From 56e79d457054ec142e3440cebd5099a91c4308cb Mon Sep 17 00:00:00 2001
From: Christopher Serr <christopher.serr@gmail.com>
Date: Sun, 14 Jul 2024 13:11:52 +0200
Subject: [PATCH] Support WebAssembly Relaxed SIMD

This makes use of the [WebAssembly Relaxed
SIMD](https://github.com/WebAssembly/relaxed-simd) instructions, trade
off consistent results across architectures for certain edge cases to
gain better performance.

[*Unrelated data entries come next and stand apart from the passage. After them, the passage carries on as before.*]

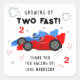 Deux Stickers personnalisés 2 Anniversaires Enfants Racing Cars avec le texte "Growing Up Two Fast" avec votre texte de remerciement personnalisé ci-dessous accentué avec des voitures de course colorées. Fabuleux pour les fêtes d'anniversaire des enfants. Conçu par Evco Studio www.zazzle.com/store/evcostudio
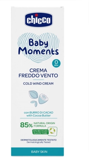 Jemný ochranný krém CHICCO Baby Moments chráni citlivú detskú pokožku pred chladom a vetrom. Jeho receptúra s 81 % prírodných zložiek, kakaovým a bambuckým maslom, panthenolom a omega-3 olejmi posilňuje kožnú bariéru a zanecháva pleť hebkú a vyživenú. Bez parabénov, farbív a alkoholu, s jemnou vôňou Baby Moments. Dermatologicky aj oftalmologicky testované, vhodné od narodenia.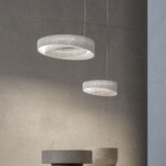 The Anel Pendant combines volumes and lines to define a unique personality. Two concentric rings made of painted stainless steel mesh surround the LED light source, and a ridged vertical texture adds an intriguing visual accent. Understated but elegant, Anel will lend a sophisticated presence to any interior.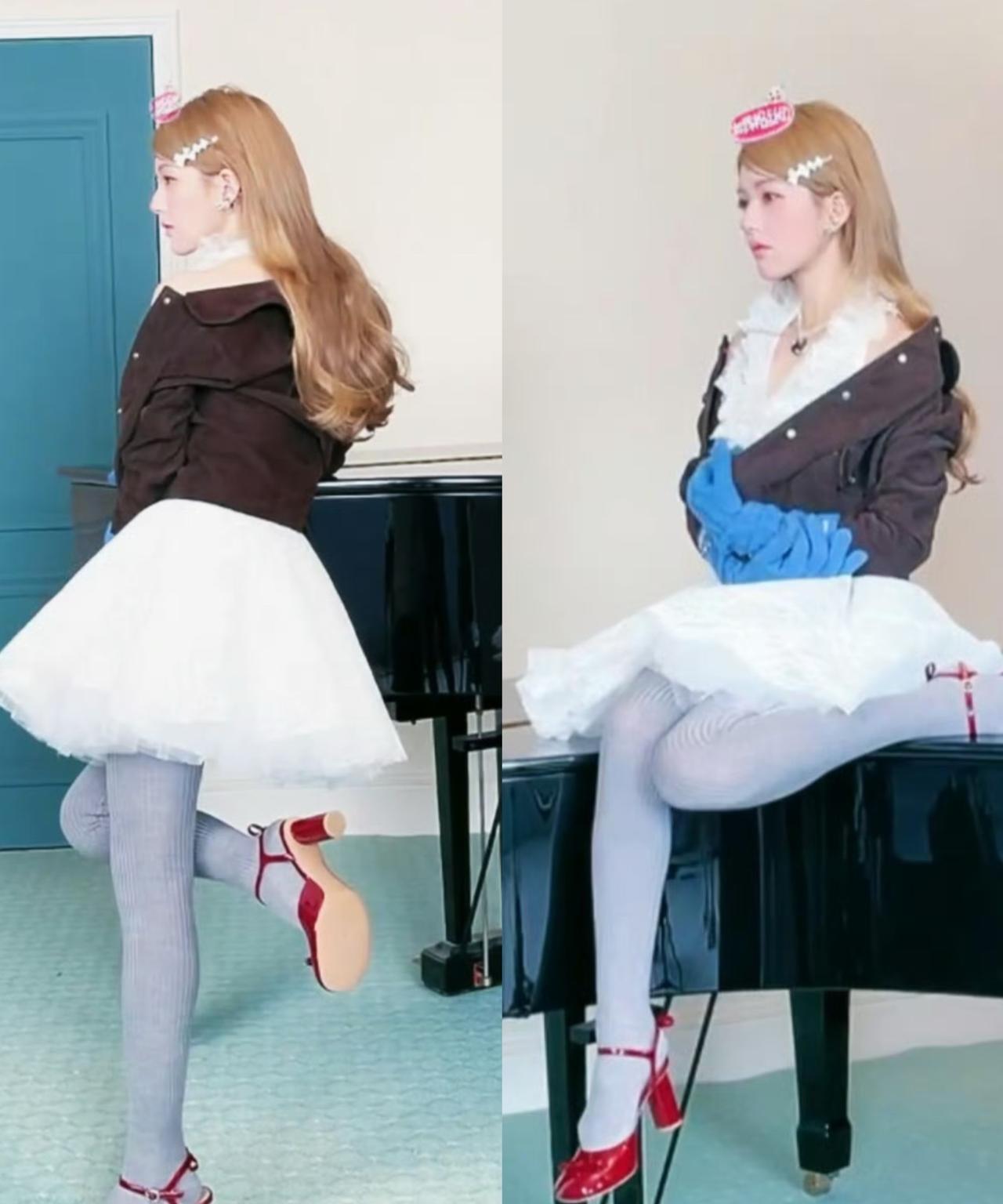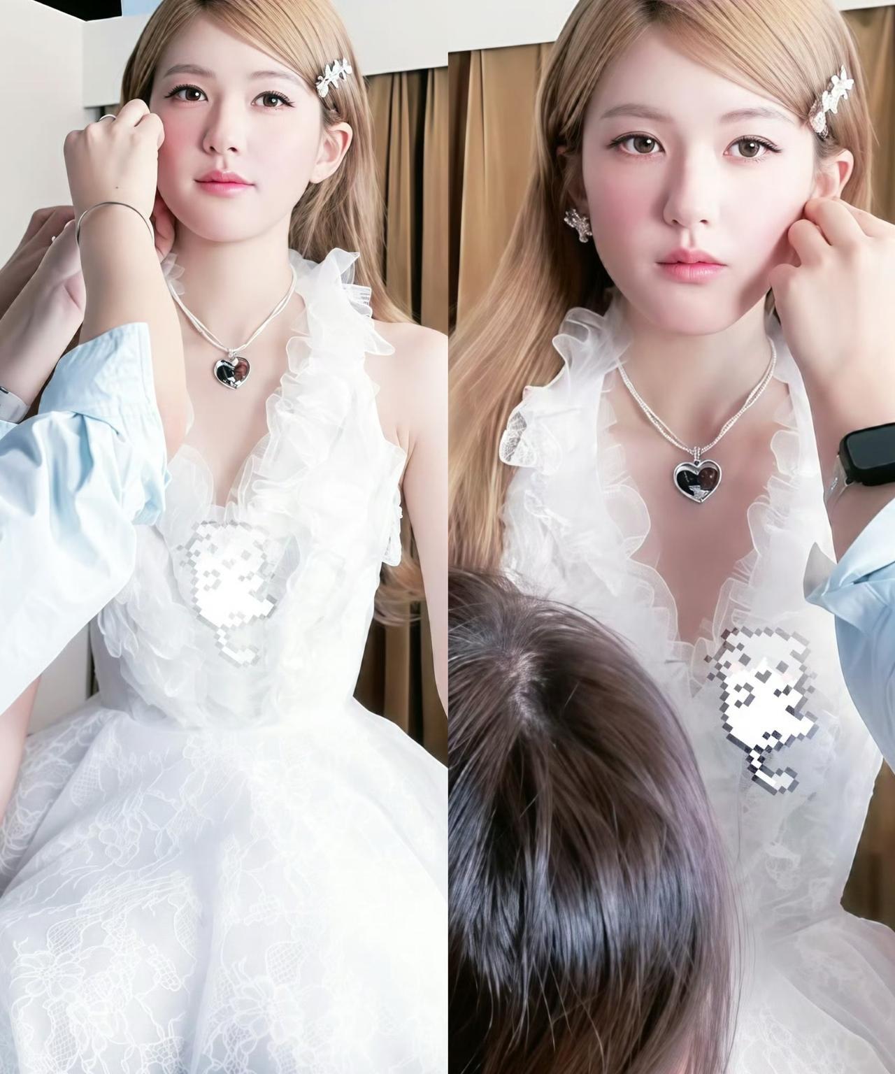 赵露思拍摄直播,变成了童话里的公主。赵露思拍摄也直播,穿着粉粉的裙子和白色蕾丝裙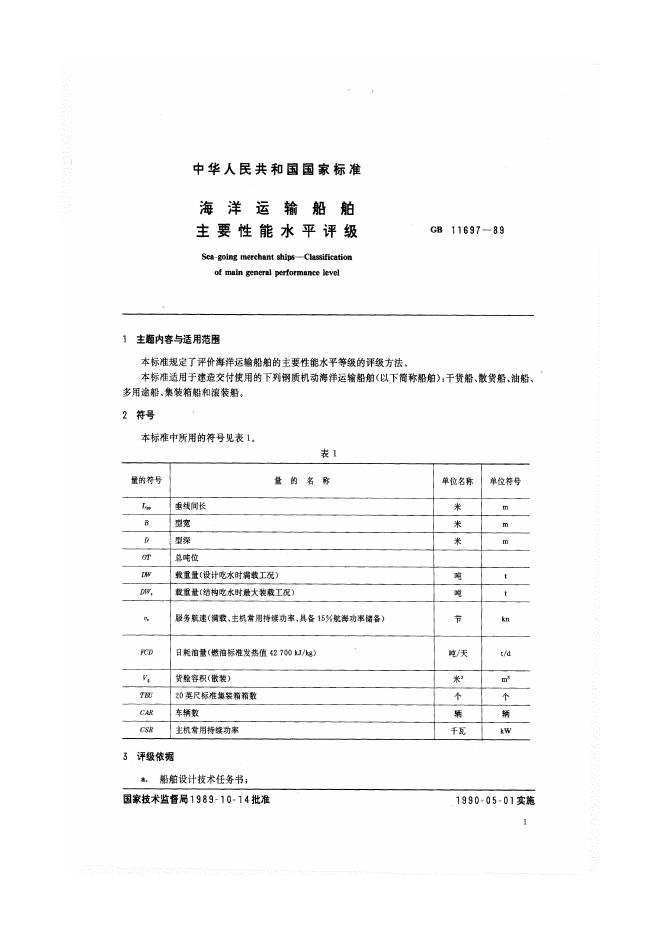 CB/T 3886-1999 海洋运输船舶主要性能水平评级

These differing edge case behaviors already
exist in the native equivalents that are used in the SIMD
implementation, so this does not regress any correctness.
---
 .github/workflows/main.yml |  5 +++++
 Cargo.toml                 |  4 ++--
 src/lib.rs                 |  1 +
 src/wide/f32x4_t.rs        | 10 ++++++++++
 src/wide/f32x8_t.rs        | 16 +++++++++++-----
 src/wide/i32x4_t.rs        |  2 ++
 6 files changed, 31 insertions(+), 7 deletions(-)

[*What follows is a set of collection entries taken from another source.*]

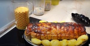 Posmaruj schab 1/3 marynaty i równomiernie rozprowadź.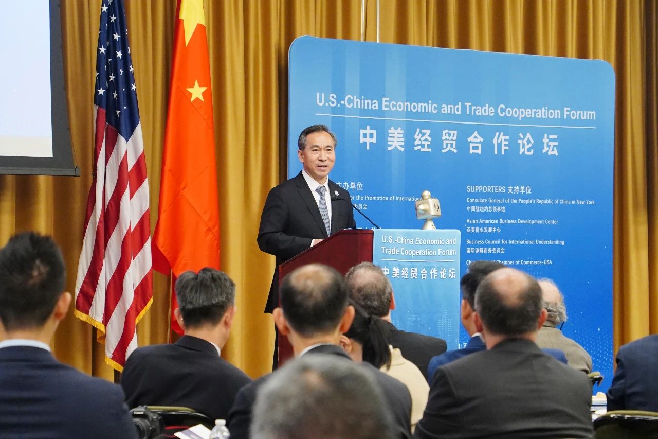 当地时间7月29日,在中国贸促会会长任鸿斌率中国企业家代表团访问美国期间,中国—美国经贸合作论坛在纽约举行。中国贸促会会长任鸿斌,中国驻纽约总领事馆总领事黄屏,国际谅解商务委员会总裁兼首席执行官彼得·提察恩斯基,亚美商业发展中心总裁王章华,美国国际工商理事会首席执行官戴克兰·达利,美国中国总商会会长、中国银行美国地区行长胡威等出席并致辞,300余位中美企业及商协会代表出席。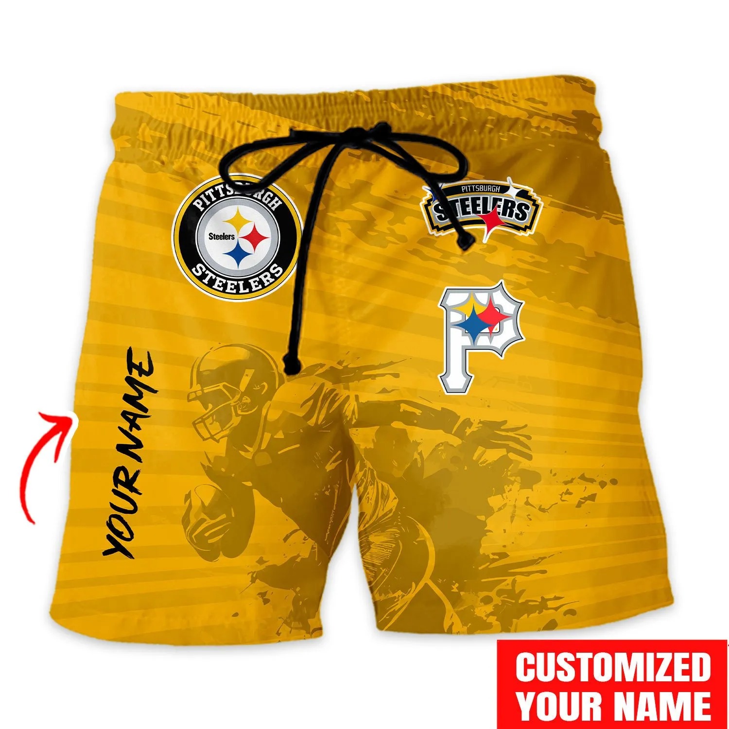 Custom Your Name With Pittsburgh Steelers Football Hawaiian Style Shirt and Shorts Set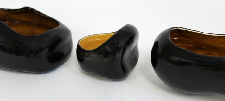 Ant Support. Slip-cast ceramics, 41 pieces, encased in 2 wooden frames. Earth tones on the outside, glowing gold on the inside to make the viewer interact with the piece.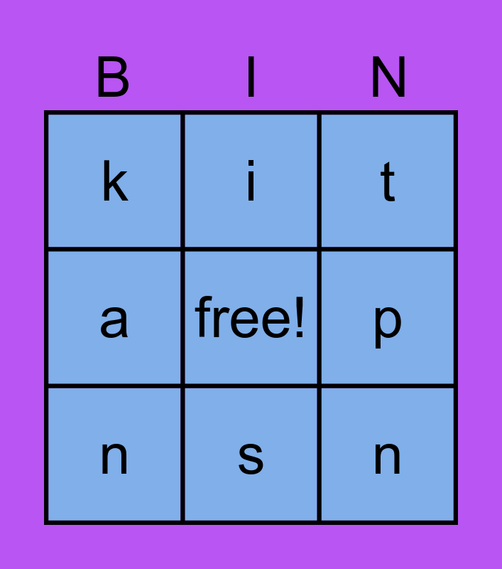 This bingo card has a free space and 8 words: a, i, p, n, t, k, s and n.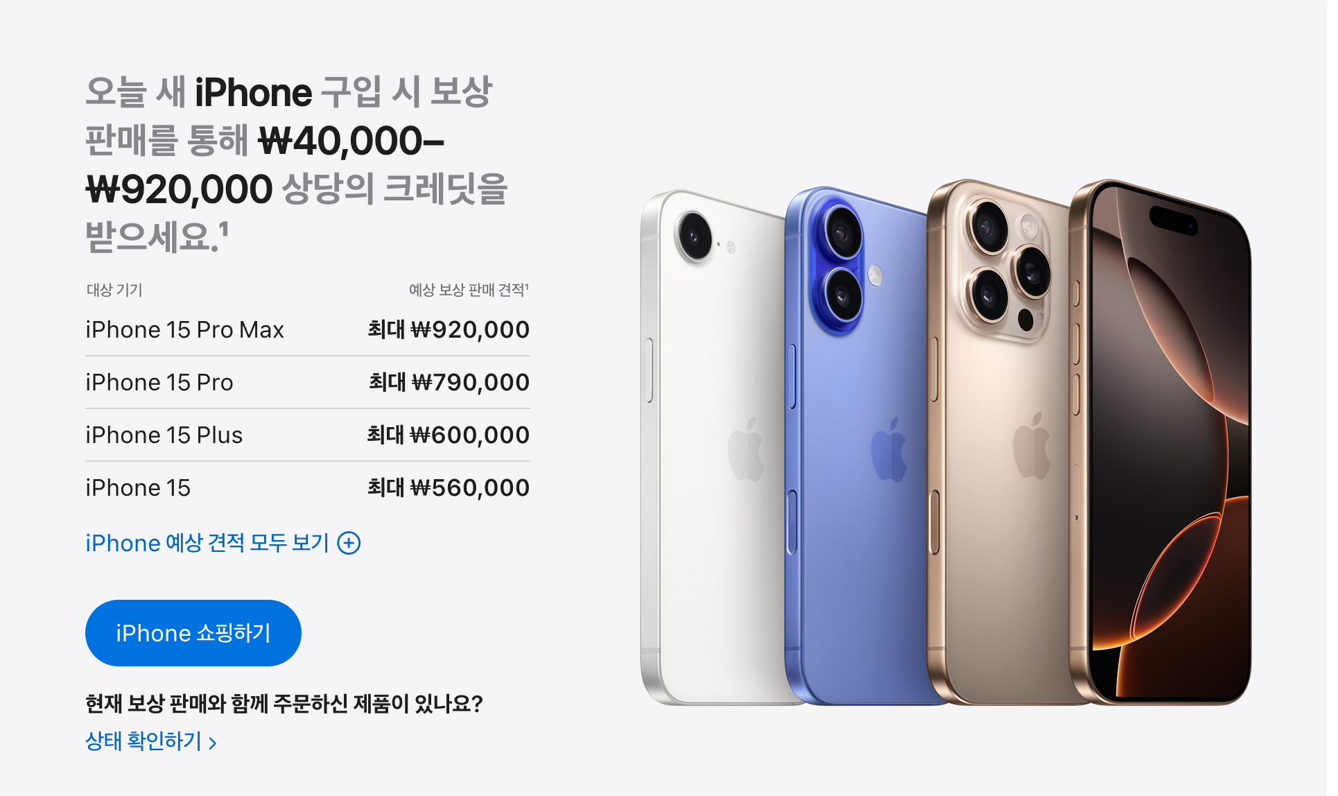 iPhone SE(2세대) 이후 모델을 보상 판매하고 iPhone 16e 를 ₩40,000 - ₩920,000 더 저렴하게. 무이자 할부도 가능. 지금 구입하고 무료 배송 혜택을 받아보세요.
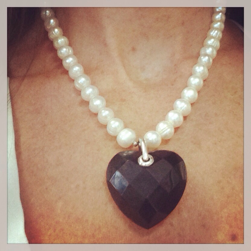 Today I was very much inspired by St Valentine and chose my accessory with cheesy love motives in mind. I went with a faceted onyx heart necklace set amongst a strand of raw and natural looking freshwater pearls. (This iconic piece is called ‘Braveheart’ and is from Kagi – it was designed to support the Child Cancer Foundation.)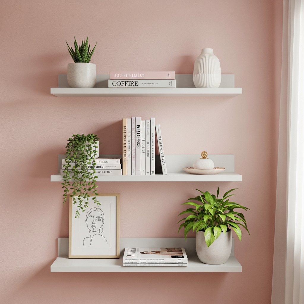 Floating shelves are perfect for simple room decor ideas for girls. Use them to display books, small plants, or decorative items. Keep the arrangement minimal to avoid clutter. Shelves add vertical storage while enhancing the wall decor. This idea combines functionality with aesthetic appeal in a clean and organized way.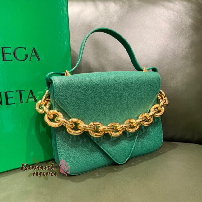 가방 전면의 체인 디테일과 V 쉐입이 특징으로

diff --git a/.github/workflows/main.yml b/.github/workflows/main.yml
index 1646867..2f6d1f1 100644
--- a/.github/workflows/main.yml
+++ b/.github/workflows/main.yml
@@ -84,6 +84,11 @@ jobs:
         RUSTFLAGS: -Ctarget-feature=+simd128,+bulk-memory,+nontrapping-fptoint,+sign-ext
       run: cargo test --target wasm32-wasi
 
+    - name: Run tests with Relaxed SIMD
+      env:
+        RUSTFLAGS: -Ctarget-feature=+simd128,+relaxed-simd,+bulk-memory,+nontrapping-fptoint,+sign-ext
+      run: cargo test --target wasm32-wasi
+
   aarch64:
     runs-on: ubuntu-20.04
     steps:
diff --git a/Cargo.toml b/Cargo.toml
index 8e3f7c6..b645a4d 100644
--- a/Cargo.toml
+++ b/Cargo.toml
@@ -31,8 +31,8 @@ default = ["std", "simd", "png-format"]

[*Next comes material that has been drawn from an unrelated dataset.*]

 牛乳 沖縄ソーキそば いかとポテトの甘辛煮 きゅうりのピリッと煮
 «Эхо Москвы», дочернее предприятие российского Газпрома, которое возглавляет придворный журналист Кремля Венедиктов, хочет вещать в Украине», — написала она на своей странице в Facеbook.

 std = ["tiny-skia-path/std"]
 no-std-float = ["tiny-skia-path/no-std-float"]
 
-# Enables SIMD instructions on x86 (from SSE up to AVX2), WebAssembly (SIMD128)
-# and AArch64 (Neon).
+# Enables SIMD instructions on x86 (from SSE up to AVX2), WebAssembly (SIMD128,
+# Relaxed SIMD) and AArch64 (Neon).
 # Has no effect on other targets. Present mainly for testing.
 simd = []
 
diff --git a/src/lib.rs b/src/lib.rs
index 718b4ed..0637a23 100644
--- a/src/lib.rs
+++ b/src/lib.rs
@@ -25,6 +25,7 @@ See the `examples/` directory for usage examples.
 #![allow(clippy::needless_range_loop)]
 #![allow(clippy::too_many_arguments)]
 #![allow(clippy::wrong_self_convention)]
+#![feature(stdarch_wasm_relaxed_simd)]
 
 #[cfg(not(any(feature = "std", feature = "no-std-float")))]
 compile_error!("You have to activate either the `std` or the `no-std-float` feature.");
diff --git a/src/wide/f32x4_t.rs b/src/wide/f32x4_t.rs
index 21d5140..5985203 100644
--- a/src/wide/f32x4_t.rs
+++ b/src/wide/f32x4_t.rs
@@ -90,6 +90,8 @@ impl f32x4 {
         cfg_if::cfg_if! {
             if #[cfg(all(feature = "simd", target_feature = "sse2"))] {
                 Self(unsafe { _mm_max_ps(self.0, rhs.0) })
+            } else if #[cfg(all(feature = "simd", target_feature = "relaxed-simd"))] {
+                Self(f32x4_relaxed_max(self.0, rhs.0))
             } else if #[cfg(all(feature = "simd", target_feature = "simd128"))] {
                 Self(f32x4_pmax(self.0, rhs.0))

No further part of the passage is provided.